The conventional wisdom, well captured recently by Ethan Mollick, is that LLMs are advancing exponentially. A few days ago, in very popular blog post, Mollick claimed that “the current best estimates of the rate of improvement in Large Language models show capabilities doubling every 5 to 14 months”...
I think this article does a good job of asking the question "what are we really measuring when we talk about LLM accuracy?" If you judge an LLM by its: hallucinations, ability analyze images, ability to critically analyze text, etc. you're going to see low scores for all LLMs.
The only metric an LLM should excel at is "did it generate human readable and contextually relevant text?" I think we've all forgotten the humble origins of "AI" chat bots. They often struggled to generate anything more than a few sentences of relevant text. They often made syntactical errors. Modern LLMs solved these issues quite well. They can produce long form content which is coherent and syntactically error free.
However the content makes no guarantees to be accurate or critically meaningful. Whilst it is often critically meaningful, it is certainly capable of half-assed answers that dodge difficult questions. LLMs are approaching 95% "accuracy" if you think of them as good human text fakers. They are pretty impressive at that. But people keep expecting them to do their math homework, analyze contracts, and generate perfectly valid content. They just aren't even built to do that. We work really hard just to keep them from hallucinating as much as they do.

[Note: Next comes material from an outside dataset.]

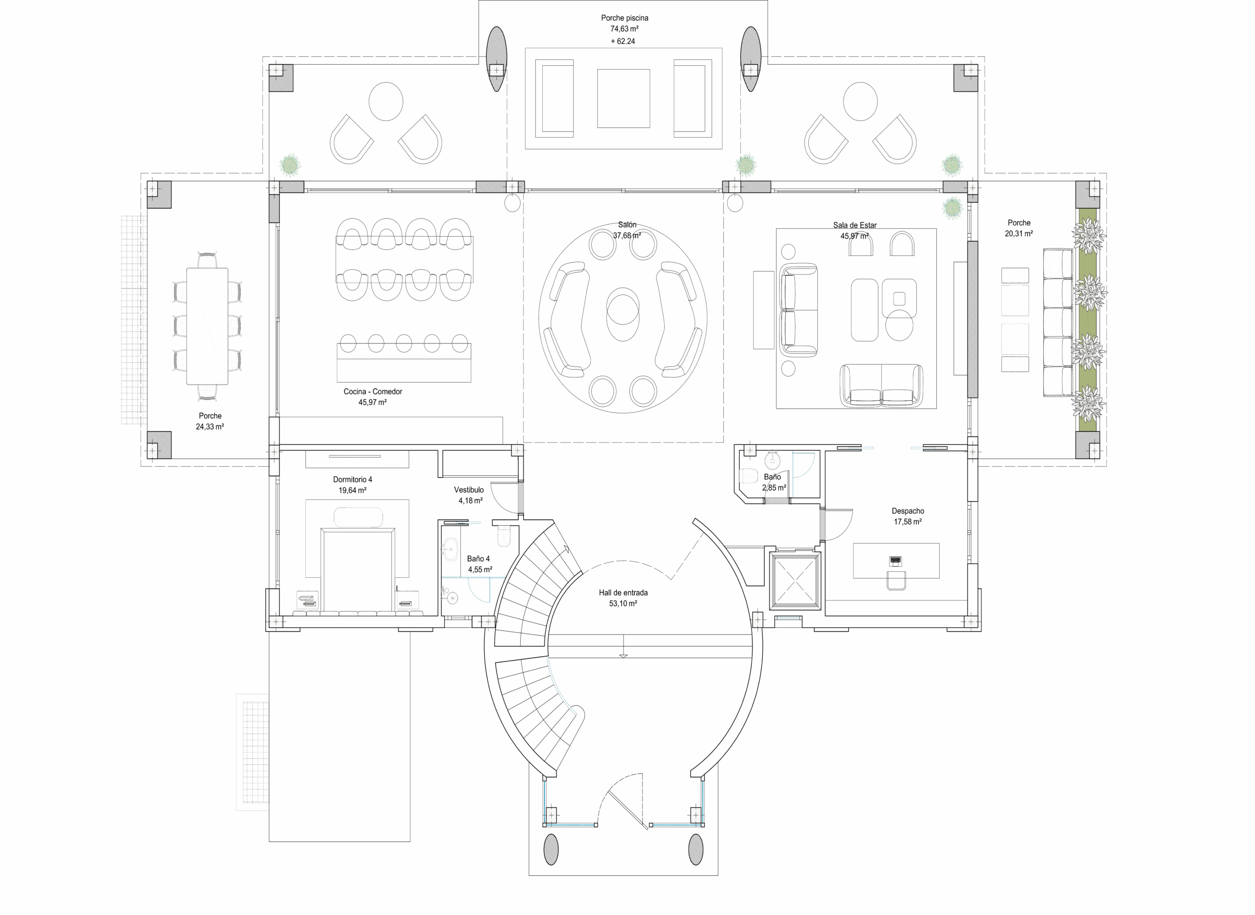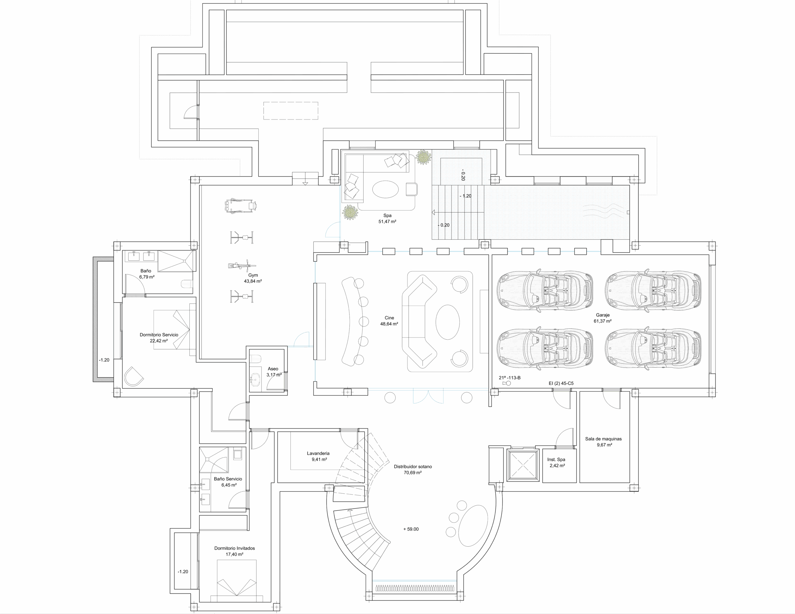On the lower level, you’ll find the entertainment and service areas, including a bar, spa with Turkish bath and sauna, gym, and an indoor heated swimming pool. This level also includes two additional bedrooms, two bathrooms, a laundry and storage area, a staff apartment, and a guest room with an English patio. A garage for two cars is also located on this floor.

I think the desperation to see these things essentially become indistinguishable from humans is causing us to lose sight of the real progress that's been made. We're probably going to hit a wall with this method. But this breakthrough has made AI a viable technology for a lot of jobs. So it's definitely a breakthrough. I just think either I finitely larger models (of which we can't seem to generate the data for) or new models will be required to leap to the next level.
But people keep expecting them to do their math homework, analyze contracts, and generate perfectly valid content
People expect that because that's how they are marketed. The problem is that there's an uncontrolled hype going on with AI these days. To the point of a financial bubble, with companies investing a lot of time and money now, based on the promise that AI will save them time and money in the future. AI has become a cult. The author of the article does a good job in setting the right expectations.
I guess ChatGPT 4 has wised up. I'm curious now. Will try it.
Edit: Yup, you're right. It says "bro, you cray cray." But if I tell it that it's a recent math model, then it will say "Well, I guess in that model it's 7, but that's not standard."